Или вспомним читательские реакции Онегина и Татьяны на письма друг друга. Кстати, они оба очень начитанные персонажи, а Татьяна занимается еще и «метачитательством»: пытается «прочесть» (= понять) Онегина, изучая книги в его кабинете с его читательскими пометками на полях.
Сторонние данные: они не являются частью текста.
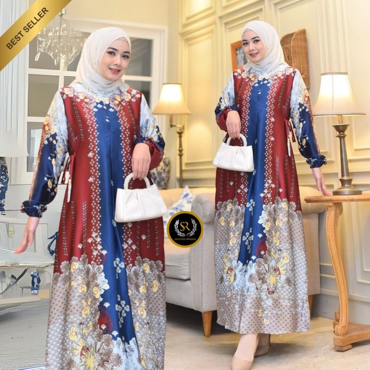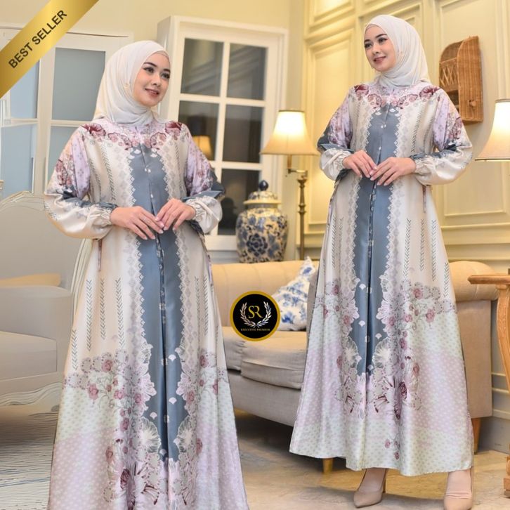 Baju Gamis Armani Silk Premium Wanita Muslim Model Elegan Dress Bunsui Jumbo LD 130cm Seragaman Best Seller Termurah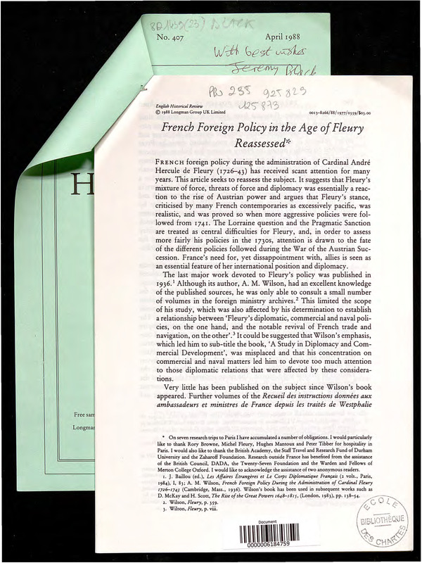 French Foreign Policy in the Ages of Fleury : Reassessed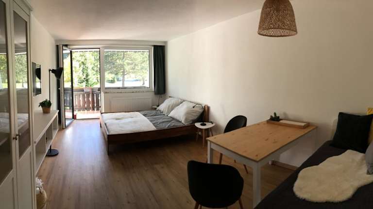 Die Ferienwohnung hat ein Schlafzimmer und ein Badezimmer. Zur Ausstattung gehören Bettwäsche, Handtücher, ein Flachbild-TV mit Kabelkanälen, ein Essbereich, eine voll ausgestattete Küche sowie eine Terrasse mit Blick auf die Berge.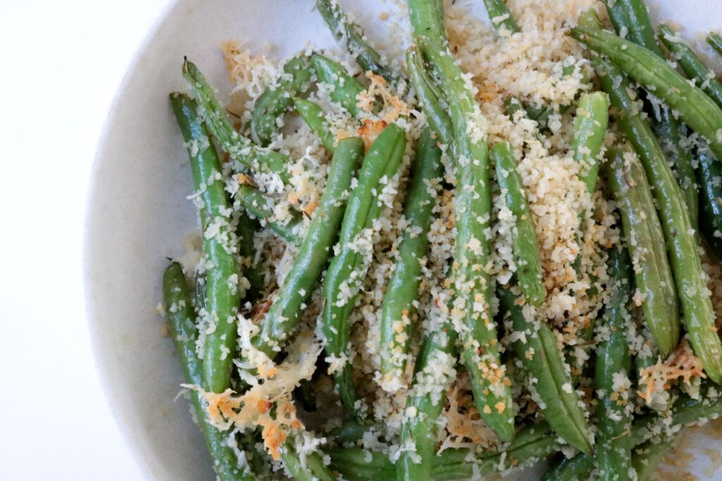 I said earlier this month that I’m working on cleaning out my pantry. It’s a good start of the year project, even if it will probably take several months. But I also signed up for Hungryroot, which it a weekly meal kit/grocery service. I’ve enjoyed doing it, and I think the system works pretty well together. I can get fresh and more interesting meals for most of the week with Hungryroot, and then work through my pantry on the other days. I also can just get groceries from Hungryroot – like these green beans. And then I can use up pantry ingredients – like breadcrumbs – to make roasted green beans. Everything gets used up!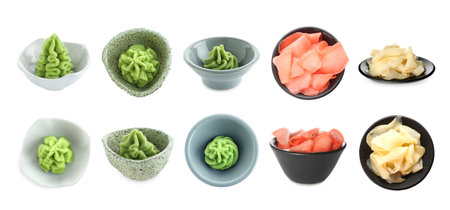 Wasabi and pickled ginger isolated on white, collage. Top and side views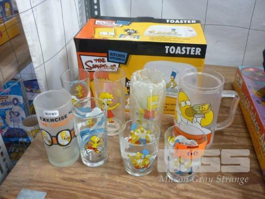 SIMPSONS COLLECTABLES, TOASTER, ASSORTED GLASSWARE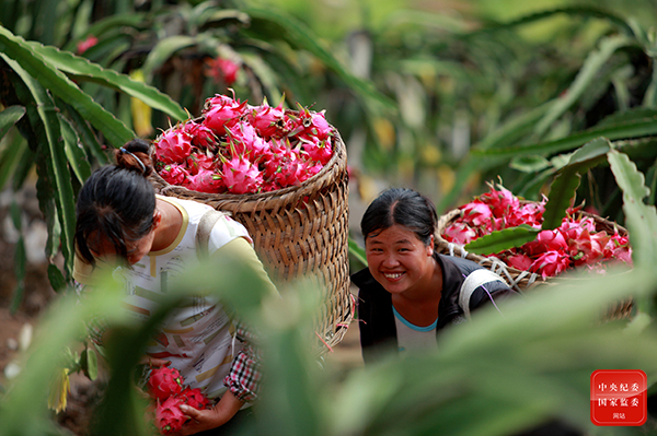 作为贵州省安顺市关岭自治县花江镇特色扶贫产业,红红的火龙果照映着村民幸福的生活,图为农户正在开心地迎接火龙果丰收。(贵州省安顺市关岭自治县纪委监委供 陈志浩 摄)

Но литература изобилует и менее явными, очень искусно замотивированными «авторскими/читательскими номерами» персонажей. Особый подкласс образуют персонажи, метатекстуальная активность которых питается не только и не столько их личной инициативой, сколько их литературной родословной, — фигуры, позаимствованные из уже существующих произведений[357] и, как правило, переосмысленные новыми авторами.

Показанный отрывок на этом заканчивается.